Regarding the definitions of rape and indecent assault, Yehia explains that the Penal Code requires penetration by the male sexual organ for the crime of rape to be established, and that in the absence of such penetration, the act may be classified as “indecent assault.” He considers these definitions outdated, rooted in texts dating back to 1950, and no longer suited to the nature of modern crimes, requiring a comprehensive review to ensure effective protection for survivors.
On the issue of establishing lineage for children born as a result of rape, Yehia explains that Egyptian legislation relies on jurisprudential rulings that consider “the semen of adultery without legal consequence,” thereby denying the lineage of a child born from forced sexual relations. He notes that DNA testing is used in criminal courts to prove the commission of the crime, but is not recognized as evidence to establish the child’s lineage to the rapist. As a result, the mother bears a double burden: she is both a survivor of severe sexual violence and the mother of a child whose legal lineage to the father is not recognized, depriving the child of full rights, despite the constitution guaranteeing every child the right to a legal identity and to establish lineage.
He further explains that the Civil Status Law grants the child in such cases the mother’s name and a fictitious name for the father if the crime is not incest.

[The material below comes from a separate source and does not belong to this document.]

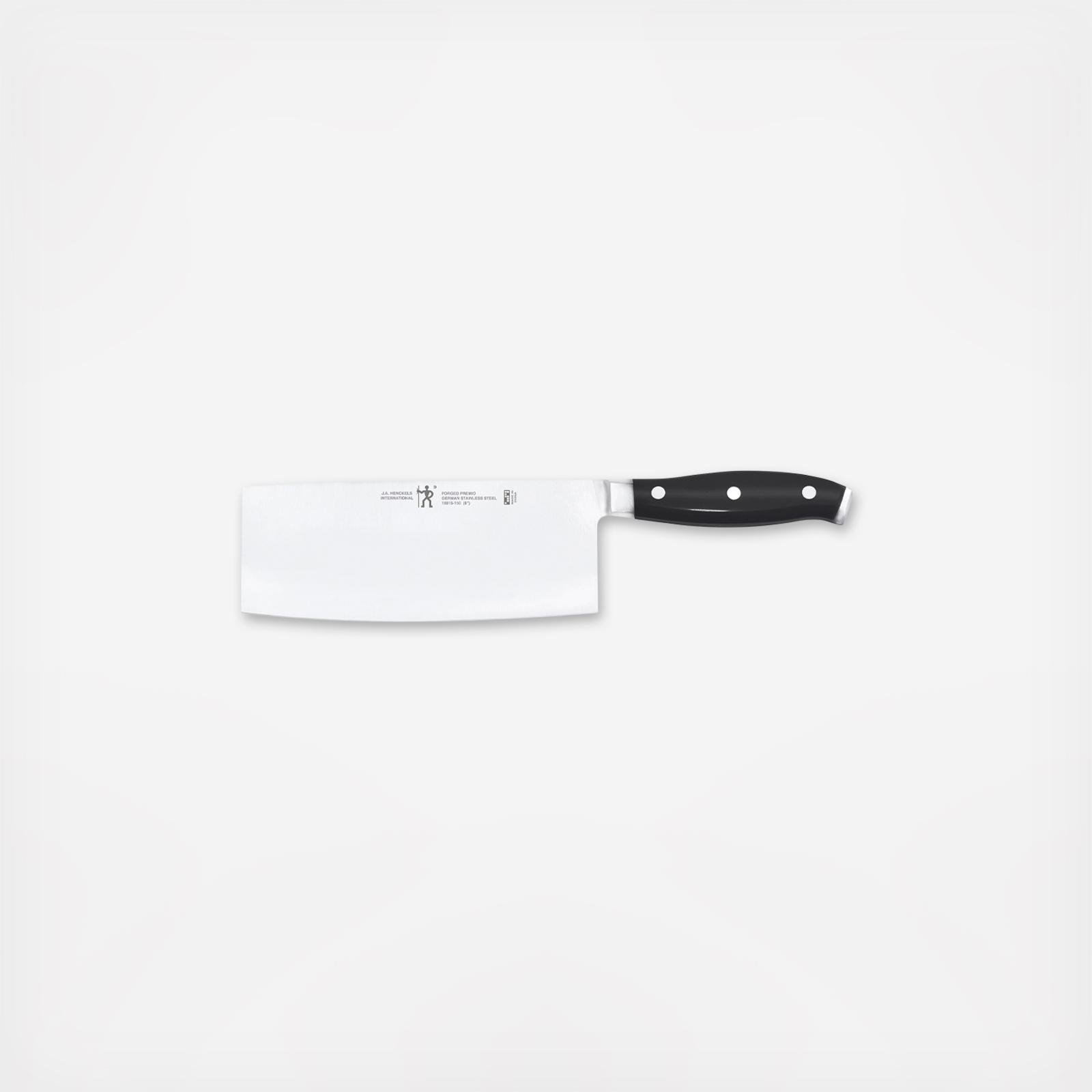 The Henckels International Forged Premio 6 in. Meat Cleaver allows you to cut meat with confidence. Perfect for prepping large pieces of meat, the broad, rectangular blade also cuts through bones. The forged bolster construction seamlessly transitions from blade to handle for durability and balance. Stamped with the single man Henckels' logo, this Halberdier symbolizes Forged Premio's superb quality at a remarkable value.

In cases of incest, however, the child is registered under neither the mother’s nor the father’s name, but is instead given an entirely different name. He considers this a serious legislative loophole that leads to significant contradictions between family law and criminal law, reflecting the inability of the legal system to unify mechanisms for establishing lineage based on modern scientific methods.
He warns that this legislative inconsistency opens the door to the mixing of lineages, as some families resort to registering the child under the name of a grandfather or maternal uncle to avoid social stigma, effectively making the grandfather or uncle the legal father. The child is officially recorded as the sibling of their mother or the child of her sibling, a situation he views as evidence of the absence of a clear legislative vision and one that creates wide space for legal and social manipulation.
In light of the current realities, survivors of rape appear trapped between the violence of the crime on one hand and the violence of law and society on the other. Current legislation, which closes the door to safe abortion and excludes the health and psychological needs of victims, contributes to reproducing pain rather than alleviating it, turning the path to justice into a new cycle of violations. While the state intensifies penalties against perpetrators and declares its commitment to international conventions, women and girls remain without real protection and without a comprehensive system that ensures care, support, and survival.
As data indicates rising rates of sexual assault and increasingly diverse patterns of violence, it becomes clear that the absence of clear protocols for dealing with victims, the lack of compensatory justice, and the persistence of patriarchal frameworks in legislation all contribute to making the survivor’s journey one paved with fear, stigma, and obstacles.
In the absence of a legal framework that aligns with victims, and with the continuation of policies that criminalize abortion without exceptions, the victim is punished twice: once when her will is violated, and again when she is forced to bear the consequences of a crime she did not commit.
Meanwhile, children born as a result of sexual violence are left to face lives that begin with stigma and deprivation of legal identity. Here emerges the urgent need for fundamental legislative change that restores the meaning of justice and guarantees victims their rights over their bodies and their dignity.